New Vine Logistics, a Napa wine shipping and fulfillment company that two years ago seemed poised to ship 20 percent of California’s direct to consumer market, is no longer receiving or processing orders.

The company’s voice mail on June 1 said “New Vine is no longer receiving or shipping orders for shipment from our facility,” and noted that it has “limited staff” to handle a transition.

A June 1 report on Wine Business.com said that company founder Katie Hoertkorn sent an email to clients over the weekend indicating that New Vine “has abruptly gone into a state of financial crisis and is currently working on the plan forward.”

Wine Business quoted industry sources as saying that New Vine -- which as recently as March 2007 had 63 staffers and plans to acquire a similar firm and nab up to 20 percent of the direct-to-consumer wine shipping market in the Golden State -- now has a skeleton crew that includes a handful of executives who are working to wind down operations.
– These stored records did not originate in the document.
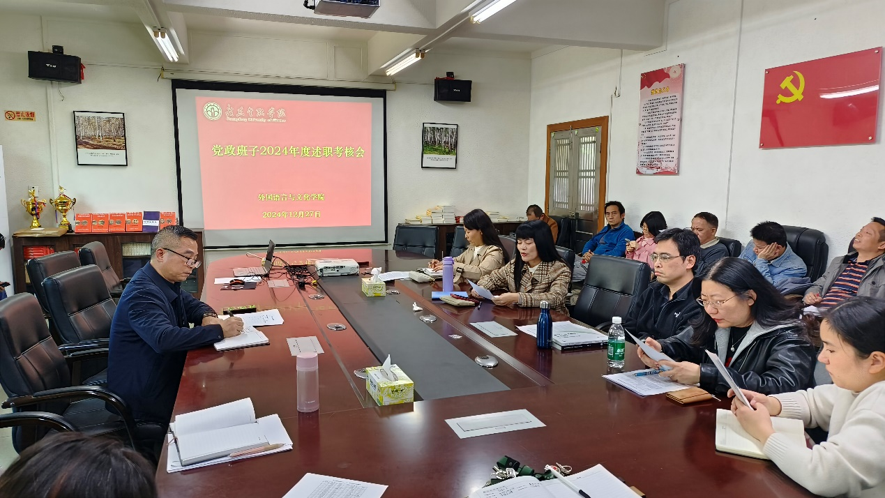 2024年12月27日,国产欧美日韩在线观看在学院2417会议室召开2024年度学院中层干部述职考评大会。此次考评会议旨在全面总结外文学院中层党政班子成员一年来的履职情况,明确成绩与不足,并为来年的工作指明方向。会议由学院党委书记黄庆雄主持,学院中层党政班子成员、全体教职工出席。会上,学院中层党政班子成员依次进行述职,全面展示了各自在2024年度的工作亮点与成果。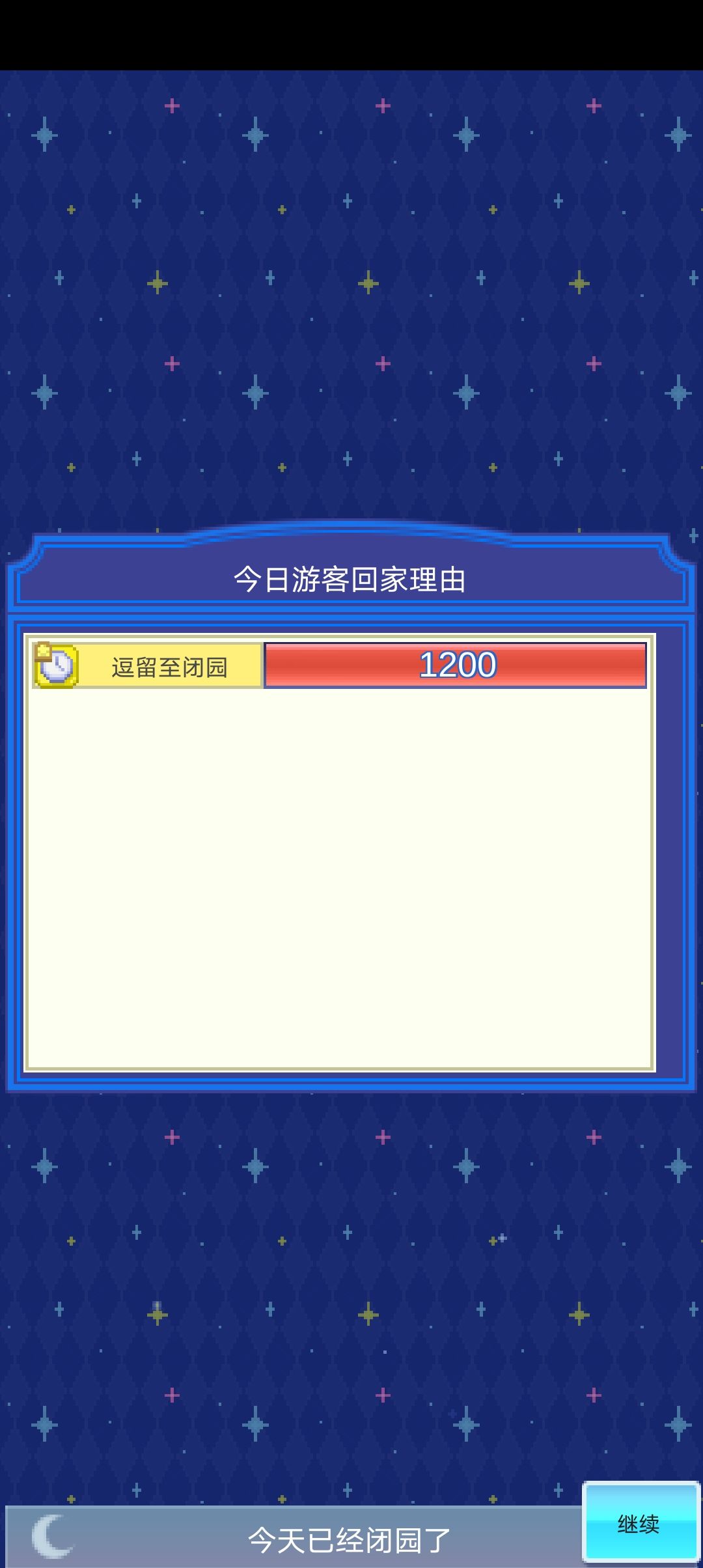 游客数上限1200,逗留至闭园人数为1200时是最理想的状态。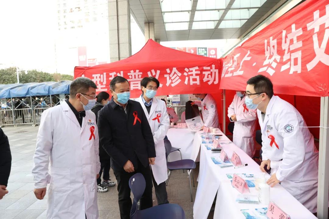 为实现HIV感染群体早发现、早治疗,也让普通民众更好地掌握艾滋病防治知识,树立“每个人是自己健康第一责任人”的理念。12月1日“艾滋病日”到来之际,安徽省艾滋病诊疗中心、中国科大附一院(安徽省立医院)感染病院区在我院门诊广场举行大型公益宣传义诊活动。活动现场,来自感染病科、肝胆外科、妇产科、骨科、眼科、血液科、皮肤科、神经内科、介入科、肾脏内科、内分泌科、消化内科、肛肠科、口腔科、检验科等十余个学科的专家为群众答疑解惑,普及防“艾”知识。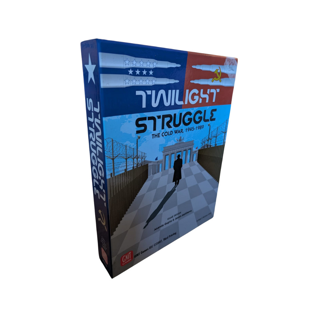 Twilight Struggle is a 2-player strategic board game simulating the 45 years of Cold War tension between the United States and the Soviet Union (1945–1989). The game uses a card-driven system with historical event cards — crises, proxy wars, diplomacy and influence — combined with influence placement and coups d’état. Players must carefully manage global influence, strategic positioning, and timing to dominate key regions of the world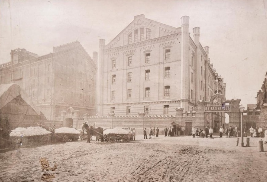 Примерно в то же время торговая фирма «Емельянъ Башкировъ и сыновья» с разрешения императора запустила на набережной Оки (сейчас улица Интернациональная) паровую пятиэтажную мельницу.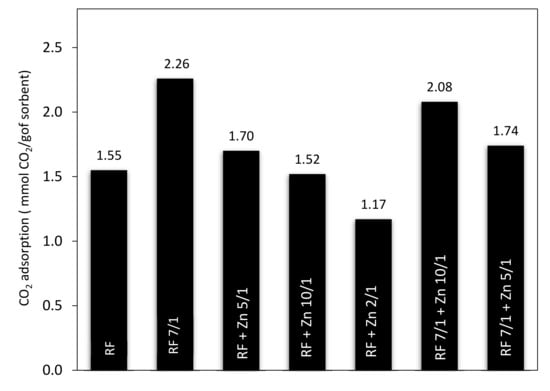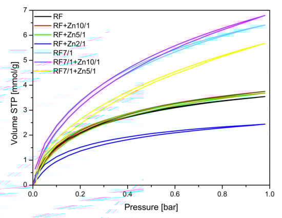 For the RF7/1 + Zn10/1 sample, a slight increase in CO2 adsorption compared to the RF7/1 reference material was noticed, probably due to the higher contribution of pores of 0.35 nm in diameter, which were not observed in the RF7/1 reference material.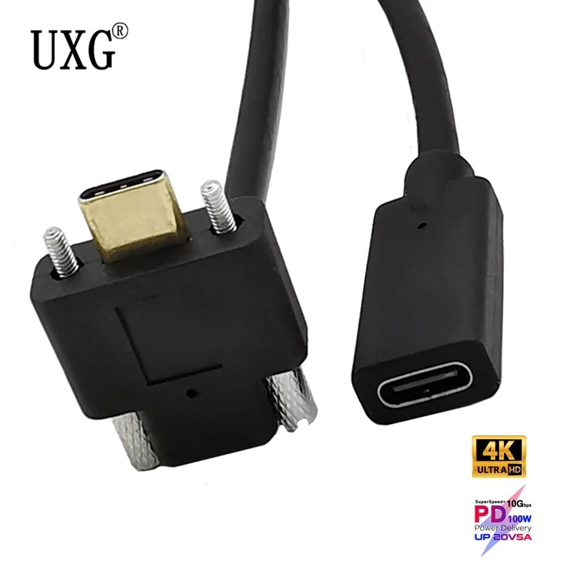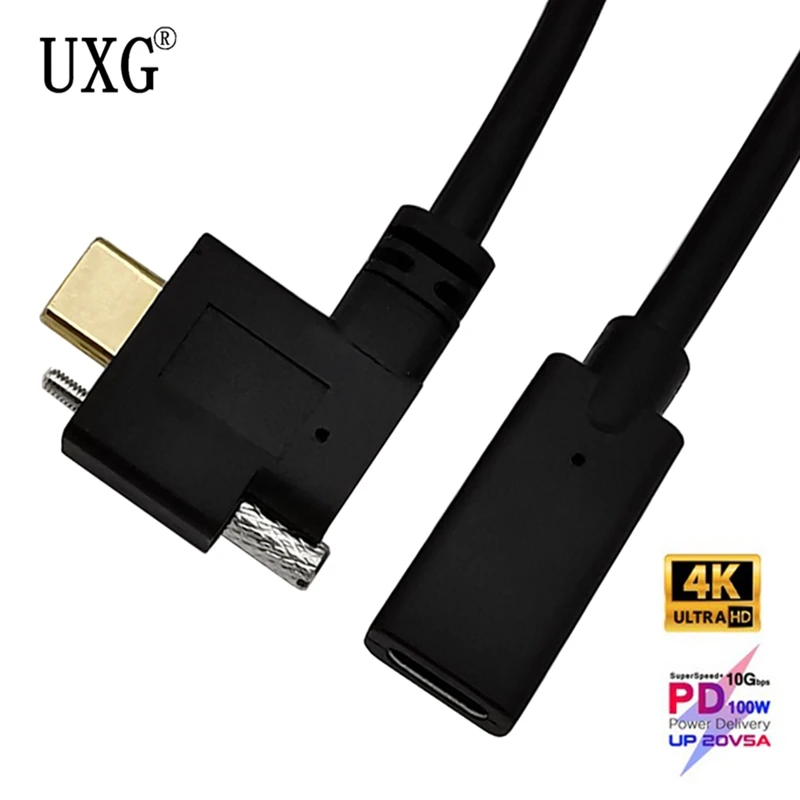 Cable de extensión USB C recto y 90 grados y 270 grados en ángulo doble tornillo de bloqueo USB 3,1 tipo C macho a tipo C macho y hembra con orificio de tornillo de montaje en panel 10Gbps 60Hz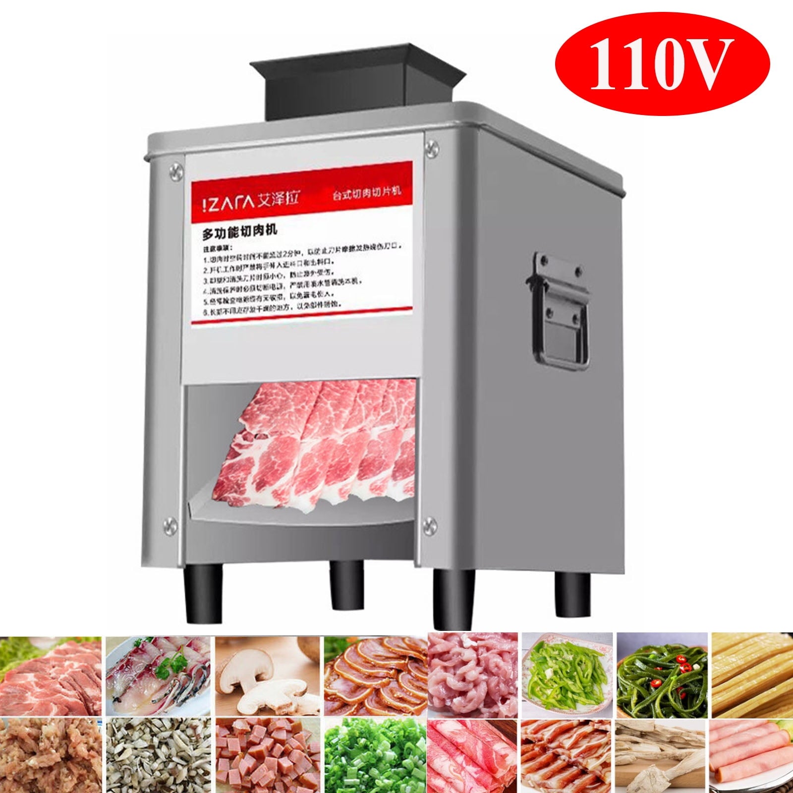 - Multi-functional meat cutting machine: The first time cut into meat slice, second time cut into shredded meat, third time cut into cubes. It can siut any meat which is not with BONES and FREEZE, such as chicken, fish, beef, mutton and so on.

In March 2007, Hoertkorn told the San Francisco Business Times that New Vine would ship about 4.2 million bottles that year for about 260 customers, and expected to ship wines worth about $200 million, the vast majority of them for California producers, along with small amounts for Oregon and Washington state wineries. At the time, New Vine’s annual revenue was approximately $10 million annually, officials said.

Customers at the time included Viansa Winery, J Winery, Cline Cellars, Clos du Val Wine Co., Fisher Vineyards and Araujo Estate Wines.

But times have changed. On June 1, a phone line for the company’s media contact person has been disconnected, according to a recording, and attempts to reach company officials for comment were unsuccessful. Financial backers include Menlo Park’s Kleiner Perkins Caufield & Byers, Altos Ventures and Thomvest Ventures Inc.

New Vine has approximately 200 customers, said Wine Business, about half of them wineries and the other half marketing agents and others. It also had plans to partner with Amazon.com to launch a wine buying and shipping site, plans that now appear to be kaput.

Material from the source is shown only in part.